Support for $select and $expand

We hope to add support for both of these both as QueryNodes (like Filter and OrderBy), and natively by the [Queryable] attribute.

But first we need to work through some issues:

  • The OData Uri Parser (part of ODataContrib) currently doesn’t support $select / $expand, and we need that first.
  • Both $expand and $select essentially change the shape of the response. For example you are still returning IQueryable<T> from your action but:
    • Each T might have properties that are not loaded. How would the formatter know which properties are not loaded?
    • Each T might have relationships loaded, but simply touching an unloaded relationship might cause lazyloading, so the formatters can’t simply hit a relationship during serialization as this would perform terribly, they need to know what to try to format.
  • There is no guarantee that you can ‘expand’ an IEnumerable or for that matter an IQueryable, so we would need a way to tell [Queryable] which options it is free to try to handle automatically.

Support for $inlinecount and $skiptoken

Again we hope to add support to [Queryable] for both of these.

That said today you can implement both of these by returning ODataResult<> from your action today.
Implementing $inlinecount is pretty simple:

public ODataResult<Product> Get(ODataQueryOptions options)

{

    var results = (options.ApplyTo(_db.Products) as IQueryable<Product>);

    var count = results.Count;

    var limitedResults = results.Take(100).ToArray();

    return new ODataResult<Product>(results,null,count);

}

 

However implementing server driven paging (i.e. $skiptoken) is more involved and easy to get wrong. 
I’ll blog about how to do Server Driven Pages pretty soon.

Support for more Element Types.

We want to support both Complex Types (Complex Type are just like entities, except they don’t have a key and have no relationships) and primitive element types. For example both:

public IQueryable<string> Get(); – maps to say GET ~/Tags

and

public IQueryable<Address> Get(parentId); – maps to say GET ~/Person(6)/Addresses

where no key property has been configured or can be inferred for Address.
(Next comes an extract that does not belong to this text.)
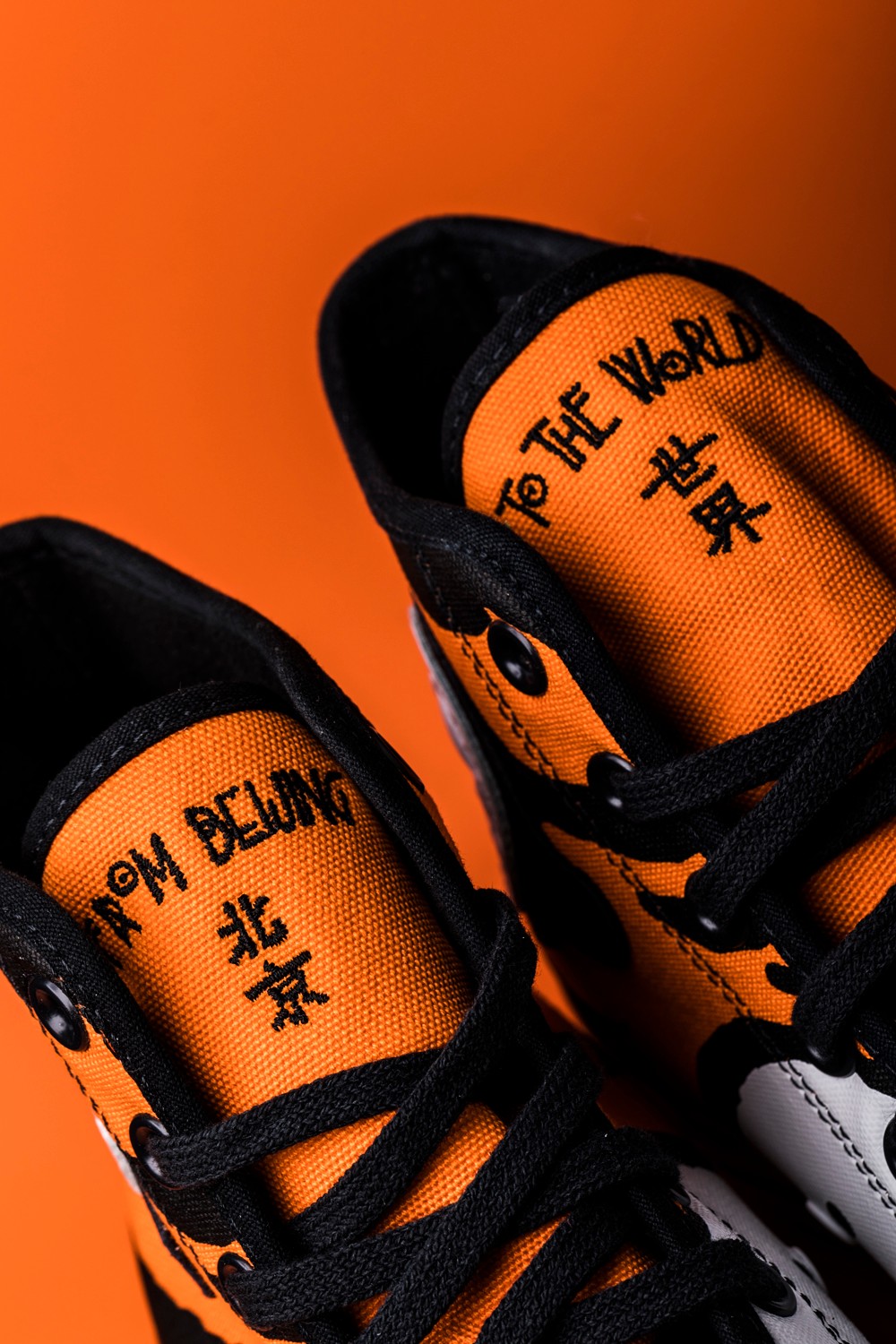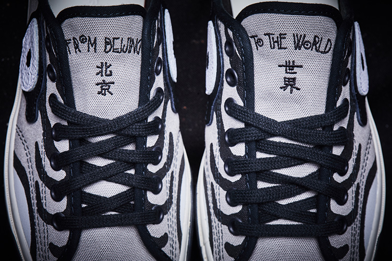 鞋舌分别刺绣北京、世界字样,组成「From Beijing To The World」口号。

You might be asking yourself how do you query a collection of primitives using OData? Well in OData you use the $it implicit iteration variable like this:

GET ~/Tags?$filter=startswith($it,’A’)

Which gets all the Tags that start with ‘A’.
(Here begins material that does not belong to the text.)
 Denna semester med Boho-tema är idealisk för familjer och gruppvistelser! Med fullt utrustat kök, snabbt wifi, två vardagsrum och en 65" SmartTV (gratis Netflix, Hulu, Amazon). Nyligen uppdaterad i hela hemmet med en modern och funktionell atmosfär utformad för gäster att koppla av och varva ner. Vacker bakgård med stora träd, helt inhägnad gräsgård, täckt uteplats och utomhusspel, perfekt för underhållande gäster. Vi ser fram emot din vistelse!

Virtual Properties and Open Types

Essentially virtual properties are things you want to expose as properties via your service that have no corresponding clr property. A good example might be where you to use methods to get and set a property value. This one is a little further out, but it is clearly useful.

Conclusion

As you can see [Queryable] is a work in progress that is layered above ODataQueryOptions, we are planning to improve both over time, and we have a number of ideas. But as always we’d love to hear what you think!